◆ **MATERIAL PROVIDED**:
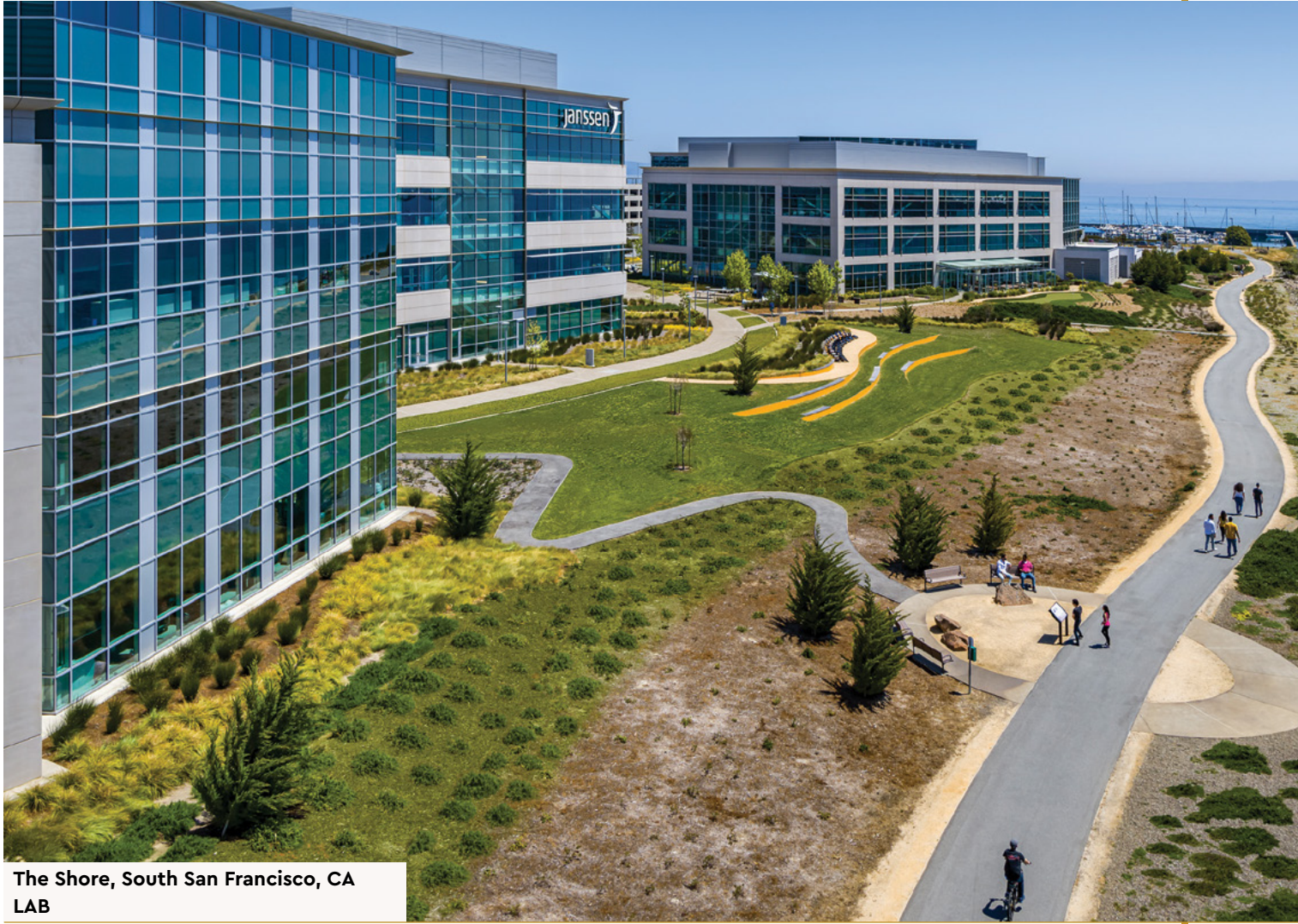
The Shore, South San Francisco, CA LAB
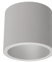
Silver body with semi-specular reflector, 160mm deep - Surface mount
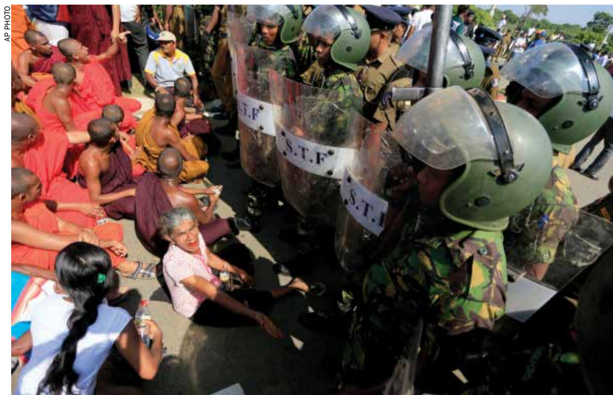
Sri Lankan Buddhist monks and villagers protest against a plan to take over private land for an industrial zone in which China will have a major stake
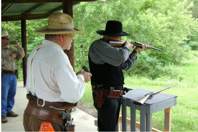
Life-R and WoodCutter
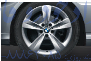
□ Star Spoke (Style 287) light alloy wheels and run-flat¹ performance tires. 2 In front: 18 x 8.0 wheels and 225/40 tires; in back: 18 x 8.5 wheels and 255/35 tires. (included in 335i Sport Package; opt. in 335i xDrive, requires opt. Sport Package)
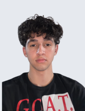
Joaquin Alomia Grant High School
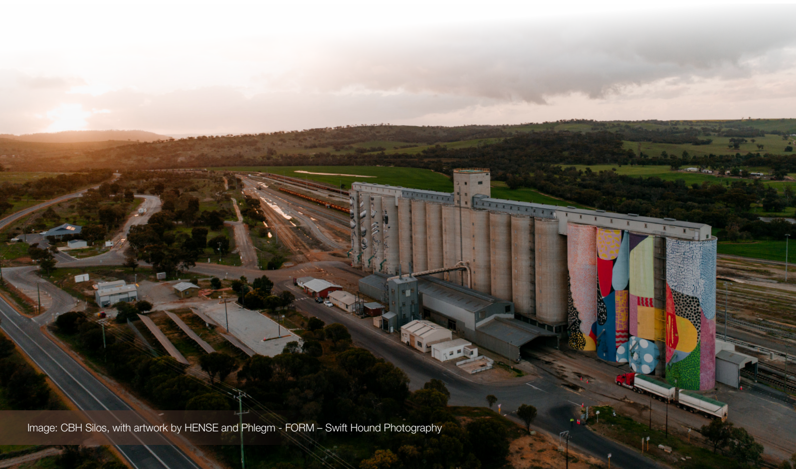
Image: CBH Silos, with artwork by HENSE and Phlegm - FORM

The NLE is the only Aboriginal grower group in Australia, 5 yrs ago the NLE employed its first employee, it now employees 20 plus staff with over 50% being First Nations. Much of our work is based on Ballardong Boodja including our Boola Boornap native tree farm which is located 5kms Perth side of Northam and will produce in excess of 1 million native seedlings this year for land
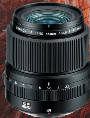
FUJINON GF45mmF2.8 R WR
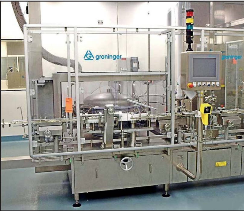
GRONINGER ROTARY SYRINGE VIAL CLEANER

OKAMATO Linear 618 Precision Surface Grinder.
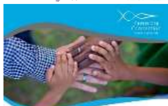
CIRCLE OF SECURITY PARENTING A FREE PROGRAM FOR PARENTS AND CARERS OF CHILDREN 0-5 YEARS
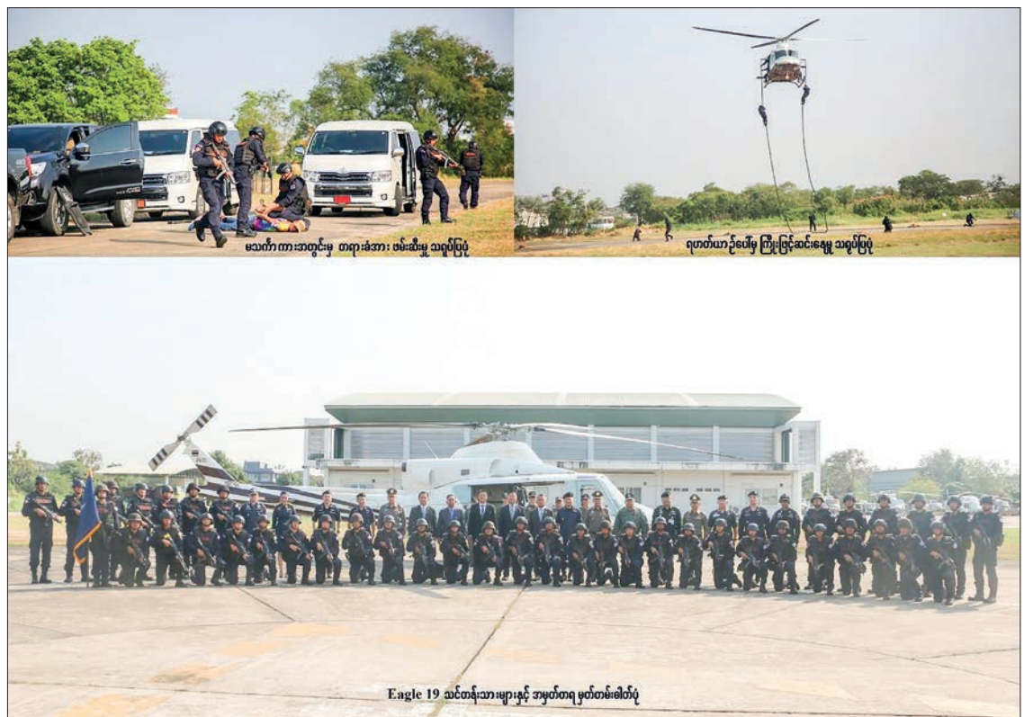
Demonstrations of the special task force Eagle 19 training (top photos). The MoHA deputy minister takes the documentary group photo together with Eagle 19 trainees.

After the ceremony, the Chief of Myanmar Police Force Maj-Gen Zin Min Htet met with Thai Legal Affairs Minister Mr Somsak Thepsutin. During the meeting, they discussed the drug cases in the region, control of illegal drugs in the golden triangle region, cooperation in seizing precursors, combatting the spread of drugs in regional and other countries, uncover of wanted suspects by two countries, plans to draft anti-drug activities at border areas, international cooperation, progresses in seizing drugs through bilateral cooperation
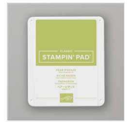
Pear Pizzazz Classic Stampin' Pad - 147104
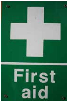
First Aid sign.jpg
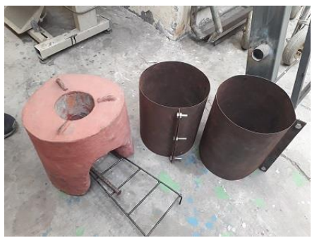
Fuel efficient safety stoves

The Uma Ita Nian Clinic's community-based rehabilitation and nutrition program in remote villages, this year included the St Francis Assisi Disability Workshop, manufacturing small fuel efficient earthen stoves to improve safety where a household member lives with a disability.
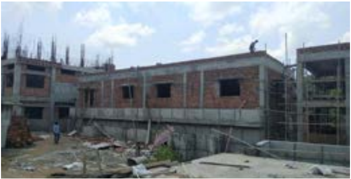
Water Treatment Plant at Hailakandi
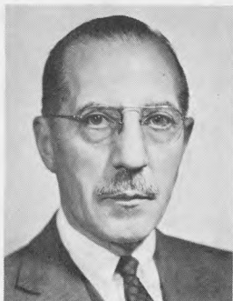
R. E. TOOL
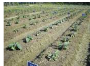
wPÎ: Pvi v tivcbKZ Rvq
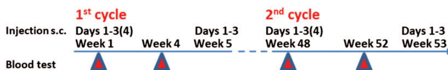
Figure 1. Dosing of subcutaneous (s.c.) cladribine according to individual total lymphocyte count.

Even in affluent healthcare settings, cost-effectiveness considerations often restrict access to DMT. 3,13 This applies, for example, to pwMS with higher levels of disability, or with less than two documented relapses over the past two years. 3 Based on its favourable risk/benefit profile, we have used subcutaneous cladribine in a number of pwMS who in our healthcare setting, the UK National Health Service, were not eligible for a licensed DMT. 3 In developing our treatment schedule (Figure 1), we took into account both the bio-availability of injectable (100%) versus oral (42%) cladribine, and concerns raised by the European Medicines Agency in their negative assessment in 2010–2011 of oral cladribine. 19,33 Firstly, we undertook a meta-analysis of phase III trial data, comparing the incidence of cancer among all DMTs licensed by 2015 with the pivotal trial of oral cladribine and detected no risk difference among all DMTs. 29 Secondly, to avoid lymphopenia grades 3 and 4, we decided to adapt the dose administered to individual lymphocyte count. The safety of this agent was subsequently further supported by the licensing of oral cladribine prodrug following re-assessment of safety data in 2017. 34 Since 2014, we have treated over 150 pwMS using
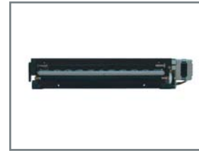
A4 Printer Mechanism

Sensors that reports every move to the host 1 Adjustable Near-End Sensor 1 Black Mark Sensor 1 Anti Paper Roll Up Sensor 1 Paper End Sensor 2 Paper Jam Sensor 2 Presenter Sensor 2 Cover Open Sensor 1 TPH Up/Down Sensor 1 TPH Thermistor 1 Cutter Sensor

◆ **PROBLEM DESCRIPTION**: Could you repeat, exactly, only the lines above starting at the one that has "CIRCLE OF SECURITY" and stopping after the one that has "Demonstrations of the", without the pictures?

◆ **ANSWER BOX**:
CIRCLE OF SECURITY PARENTING A FREE PROGRAM FOR PARENTS AND CARERS OF CHILDREN 0-5 YEARS
Demonstrations of the special task force Eagle 19 training (top photos). The MoHA deputy minister takes the documentary group photo together with Eagle 19 trainees.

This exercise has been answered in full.